Save as aforesaid, the Directors are not aware of any consequences which would arise under the Takeovers Code as a result of the exercise of the Repurchase Mandate. In any event, the Repurchase Mandate will be exercised only if the number of Shares held by the public would not fall below 25%.
APPENDIX I
EXPLANATORY STATEMENT ON THE REPURCHASE MANDATE
SHARE PRICES
The highest and lowest prices at which the Shares have been traded on the Stock Exchange during the past twelve months preceding the Latest Practicable Date were as follows:
| Share Prices (per Share) | ||
|---|---|---|
| Highest (HK$) | Lowest (HK$) | |
| 2024 | ||
| April | 1.05 | 0.92 |
| May | 1.09 | 0.93 |
| June | 1.05 | 0.98 |
| July | 1.06 | 0.98 |
| August | 1.03 | 1.00 |
| September | 1.11 | 0.94 |
| October | 1.11 | 0.99 |
| November | 1.03 | 0.94 |
| December | 1.05 | 0.98 |
| 2025 | ||
| January | 1.07 | 0.98 |
| February | 1.05 | 0.98 |
| March | 1.04 | 0.97 |
| April (from 1 April up to the Latest Practicable Date) | 1.03 | 0.93 |
GENERAL
The Directors will exercise the Repurchase Mandate in accordance with the Listing Rules, the Memorandum and Articles of Association, and the applicable laws and regulations of the Cayman Islands.
The Directors confirmed that neither this explanatory statement nor the Repurchase Mandate has any unusual features.
As at the Latest Practicable Date, the Company had no Shares repurchases and did not hold any treasury shares.
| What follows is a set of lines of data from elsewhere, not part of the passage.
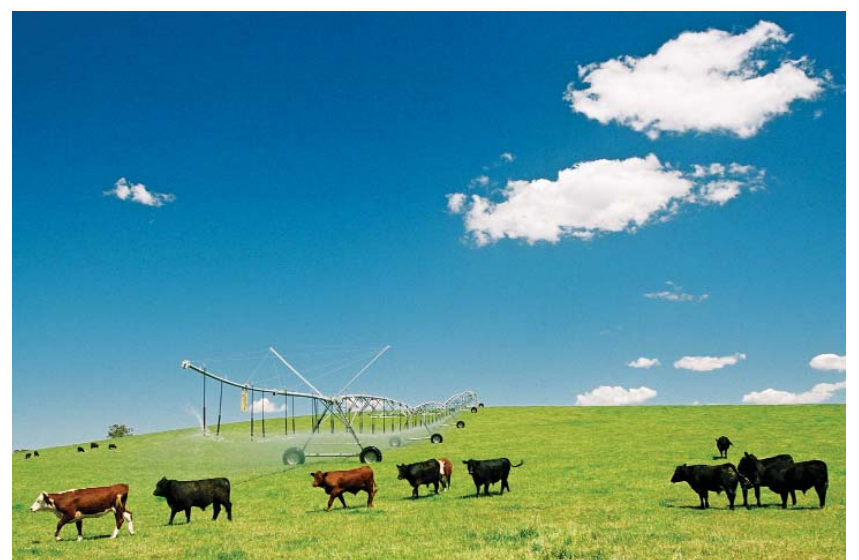
At Bobadeen, five electric powered centre-pivot irrigators pump mine water over 242 hectares of land planted with perennial pastures.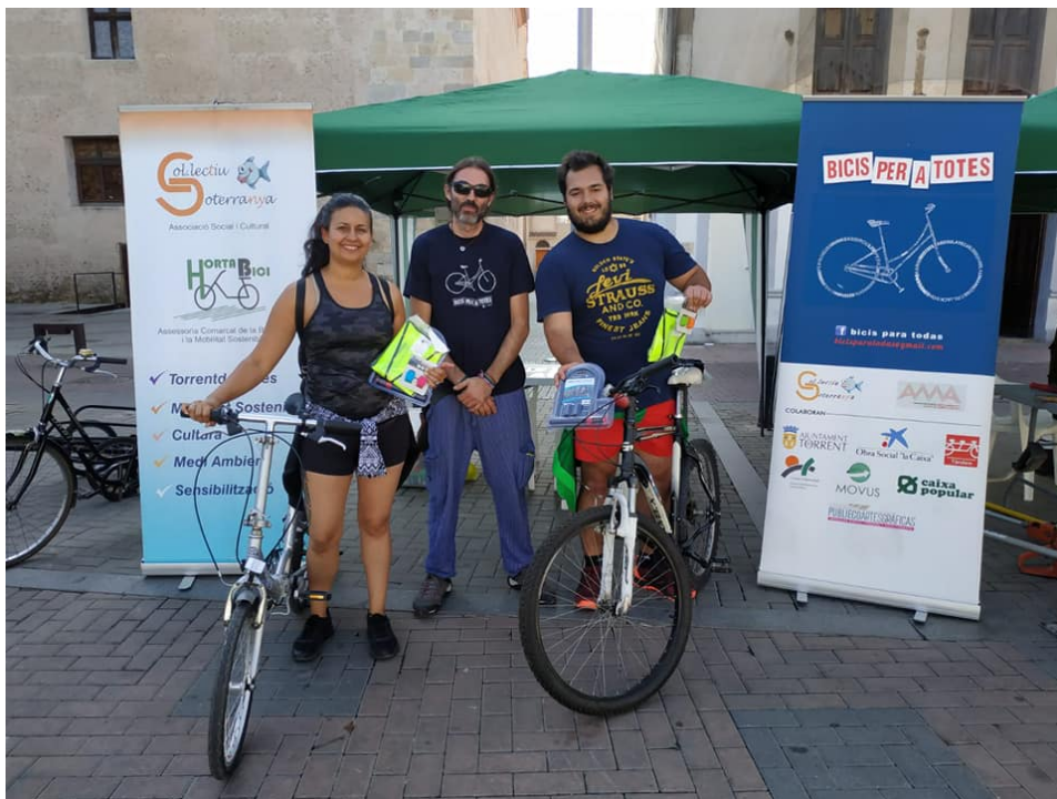
Bicycles and kits for adults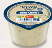
Blue Cheese Cups #160039, 100/1.5 OZ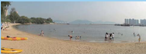
Clean water and clear sky greet swimmers at Castle Peak Beach

Improvement programmes have successfully achieved clean water and made the beach safe for the public to swim.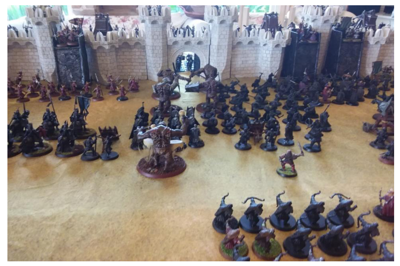
The siege towers are now in place and Mordor forces are on the battlements. The trolls head for the main city gate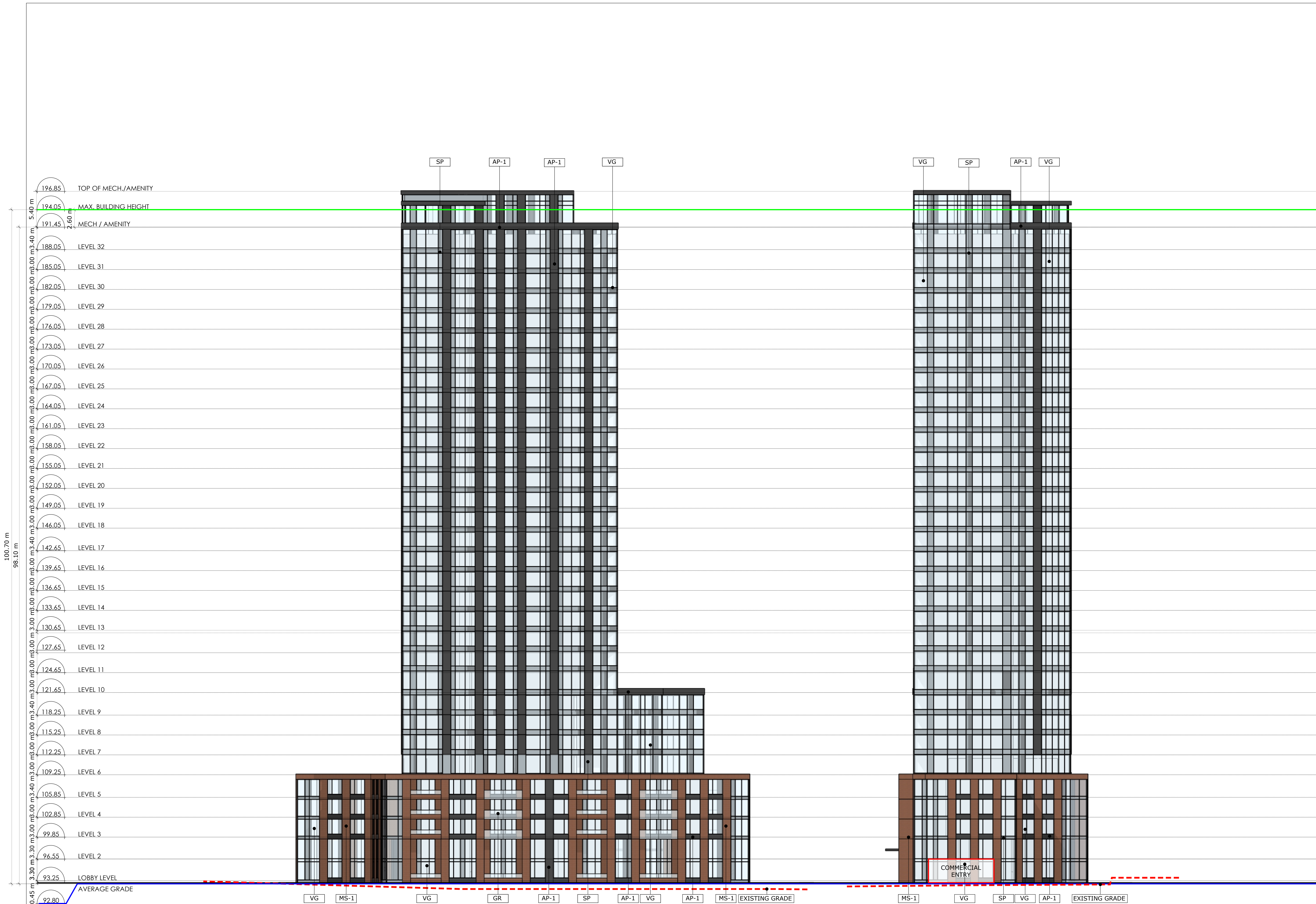
1 BUILDING 4 - NORTH ELEVATION A3.03 Scale: 1: 250

If exercise the power to repurchase Shares pursuant to the Repurchase Mandate, the Company will cancel the repurchased Shares following settlement of such repurchase.
None of the Directors nor, to the best of the Directors' knowledge, having made all reasonable enquiries, any of their respective close associates has any present intention, in the event that the Repurchase Mandate is approved by the Shareholders, to sell any Shares to the Company.
As at the Latest Practicable Date, no core connected persons (as defined in the Listing Rules) of the Company has notified the Company that he/she has a present intention to sell any Shares to the Company or has undertaken not to do so, if the Repurchase Mandate is approved by the Shareholders.
APPENDIX II
DETAILS OF RETIRING DIRECTORS AND INDEPENDENT NON-EXECUTIVE DIRECTOR PROPOSED TO BE RE-ELECTED AND APPOINTED RESPECTIVELY
This biographical details of the retiring Directors and independent non-executive Director proposed to be re-elected and appointed respectively at the AGM are set out as follows:
(A) Retiring Directors
Mr. Zhu Wenjun (“Mr. Zhu”), aged 43, has been an executive Director and a member of remuneration committee of the Company since 18 October 2016. He is also the Chief Financial Officer of the Company since April 2015. Prior to joining the Group, he worked with Shanghai Guohe Capital, where he had led private equity investment deals in media, software, internet and financial services sectors. Mr. Zhu has over 16 years of experience of finance, investment and corporate management. He started his career with KPMG assurance services, and also worked at Deloitte Financial Advisory with its Corporate Restructuring Services. Mr. Zhu holds a M.B.A. degree from UCLA Anderson School of Management, and bachelor’s degree in law from Shanghai University of International Business and Economics.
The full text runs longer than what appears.